Automatically Interpreting Millions of Features in Large Language Models

TL;DR

This work tackles the challenge of interpreting millions of SAE features in large language models by introducing an automated NL-explanation pipeline. It replaces costly simulation with five cheap, complementary scoring methods (Detection, Fuzzing, Surprisal, Embedding, Intervention) and demonstrates that SAE latents are more interpretable than neurons across multiple configurations. The authors provide large-scale evidence, practical guidelines, and a public codebase for generating and evaluating explanations, enabling scalable mechanistic insights and potential model steering. The results underscore the value of SAE-based representations for interpretability and lay groundwork for broader adoption across LLM research and tooling.

Abstract

While the activations of neurons in deep neural networks usually do not have a simple human-understandable interpretation, sparse autoencoders (SAEs) can be used to transform these activations into a higher-dimensional latent space which may be more easily interpretable. However, these SAEs can have millions of distinct latent features, making it infeasible for humans to manually interpret each one. In this work, we build an open-source automated pipeline to generate and evaluate natural language explanations for SAE features using LLMs. We test our framework on SAEs of varying sizes, activation functions, and losses, trained on two different open-weight LLMs. We introduce five new techniques to score the quality of explanations that are cheaper to run than the previous state of the art. One of these techniques, intervention scoring, evaluates the interpretability of the effects of intervening on a feature, which we find explains features that are not recalled by existing methods. We propose guidelines for generating better explanations that remain valid for a broader set of activating contexts, and discuss pitfalls with existing scoring techniques. We use our explanations to measure the semantic similarity of independently trained SAEs, and find that SAEs trained on nearby layers of the residual stream are highly similar. Our large-scale analysis confirms that SAE latents are indeed much more interpretable than neurons, even when neurons are sparsified using top-$k$ postprocessing. Our code is available at https://github.com/EleutherAI/sae-auto-interp, and our explanations are available at https://huggingface.co/datasets/EleutherAI/auto_interp_explanations.

Figures (10)

• Figure 1: Auto-interpretability pipeline. The first step of the interpretability pipeline is collecting the activations of the target SAE over a broad range of text. In this figure we show short contexts for legibility, and over represent the active feature, which in reality would be active in a very small portion of the text. The activating contexts are selected and shown to an explainer LLM, prompt in Appendix \ref{['app:explainer-prompt']}, which provides a short interpretation.

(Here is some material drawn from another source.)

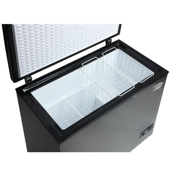 Organize your frozen foods with this chest freezer by Marathon®. This product offers a stylish design and spacious interior. It features an innovative two-tiered basket system and a granite finish. This freezer comes with an aluminum liner, a defrost drain, four storage baskets, a light, safety locks and four wheels. EnergyStar certified. Two-year limited warranty.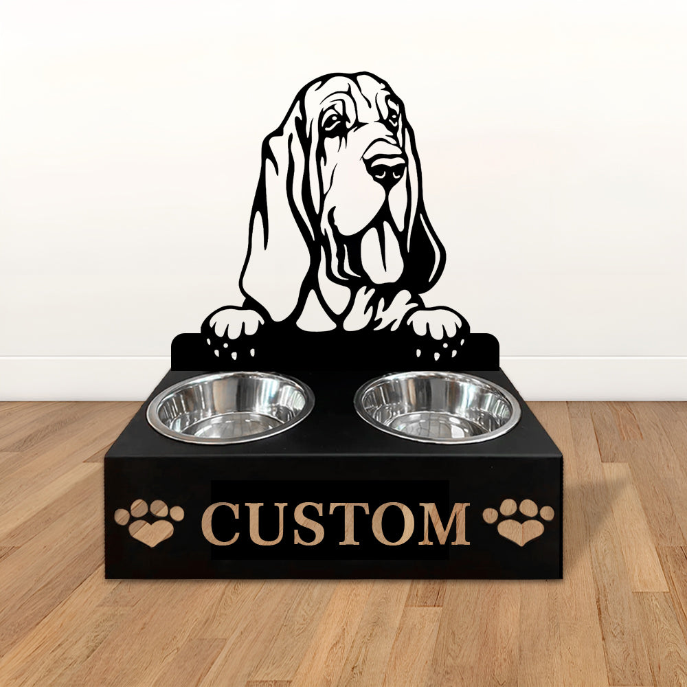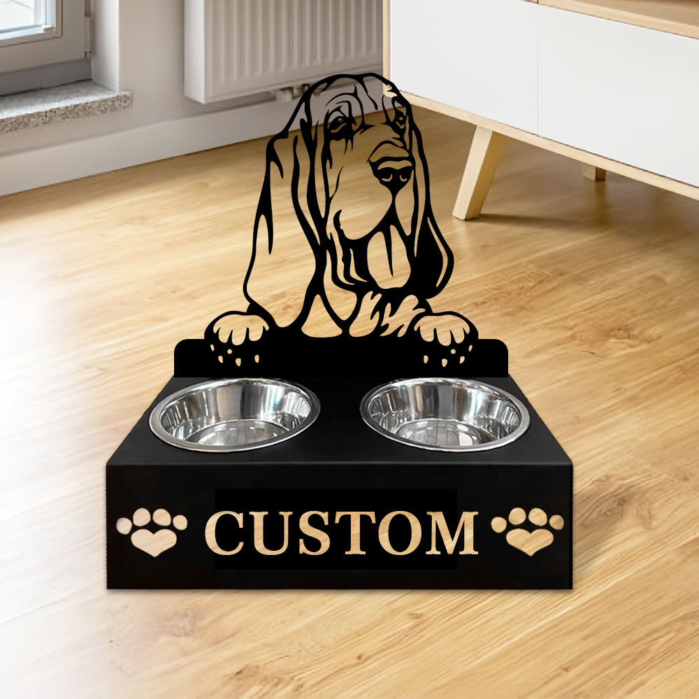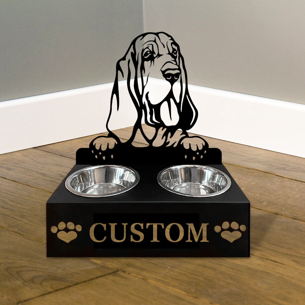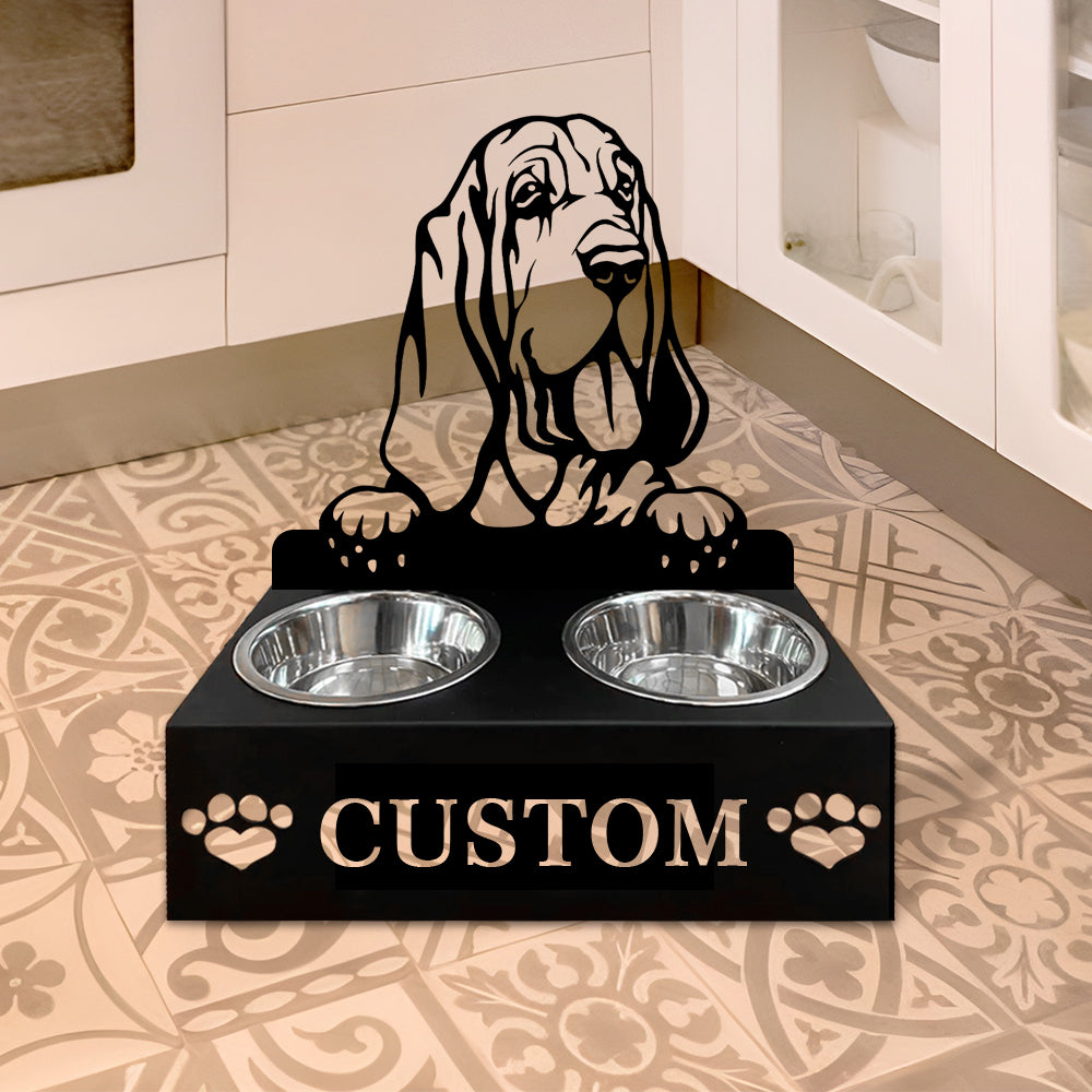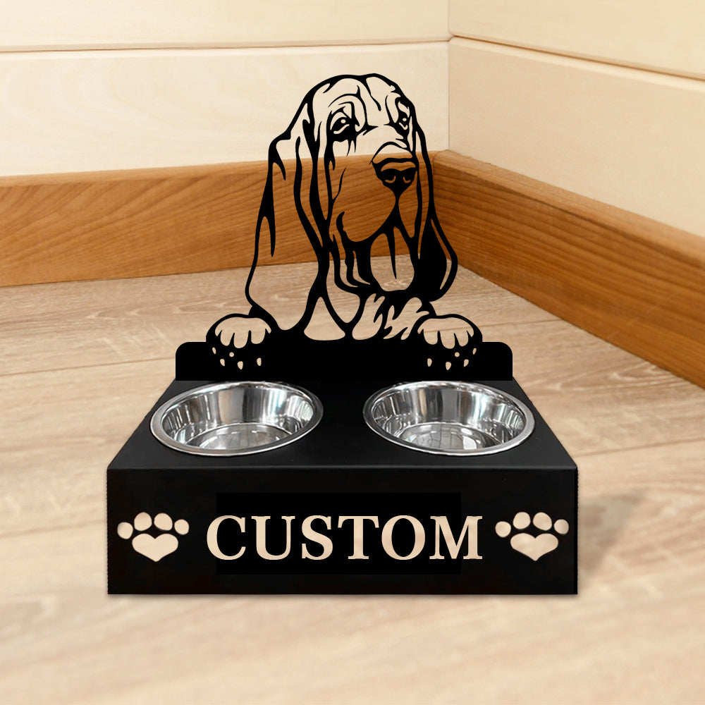Bloodhound Dog Personalized Name Pet Food Bowl Holder

This interpretation is then given to a scorer LLM that is tasked to use this interpretation to distinguish activating from non activating contexts, see Section \ref{['sec:scoring_methods']}
• Figure 2: Fuzzing and detection scores for different sampling techniques. Panels a) and b) show the distributions of fuzzing and detection scores, respectively, as a function of different example sampling methods for interpretation generation. Sampling only from the top activation gets on average lower accuracy in fuzzing and on detection when compared with uniform sampling and stratified sampling. The distributions from random sampling and sampling from quantiles are very similar. Panels c) and d) measure how the interpretations generalize across activation quantiles, showing that interpretations generated from the top quantiles are better at distinguishing non-activating examples, but have lower accuracy on other quantiles, especially on the lower activating deciles. This also happens for the other interpretations, but the accuracy does not drop as much in lower activating deciles. We also show the scores of random explanations.
• Figure 3: Intervention scores. Here we present intervention scores (Sec \ref{['sec:output-scoring']}) for SAE features in Gemma 2 9B at layer 32. Left: SAE features are more interpretable than random features, especially when intervening more strongly. Our explainer also produces interpretations that are scored higher than random interpretations. Right: Many features that would normally be uninterpreted when using context-based automatic interpretability are interpretable in terms of their effects on output.
• Figure A1: SAE features interpretations for a random sentence. To visualize the feature interpretations produced, we select a sentence taken from the RPJv2 dataset. We selected 4 tokens in different positions in that sentence and filter for features that are active in different layers. Then we randomly select active features and their corresponding interpretations to display. We display the detection and fuzzing scores of each interpretation, which indicate how well it explains other examples in the dataset (see Section 3 for details on these scores). The features selected had high activation, but were not cherry-picked based on interpretations or scores.
• Figure A2: Activating contexts of feature 209 (top) and 293 (bottom), from layers 8 and 32, respectively, of the 131k feature SAE trained on the residual stream of Gemma 2 9b. The shown examples are similar to the ones given to the explainer model to come up with interpretations.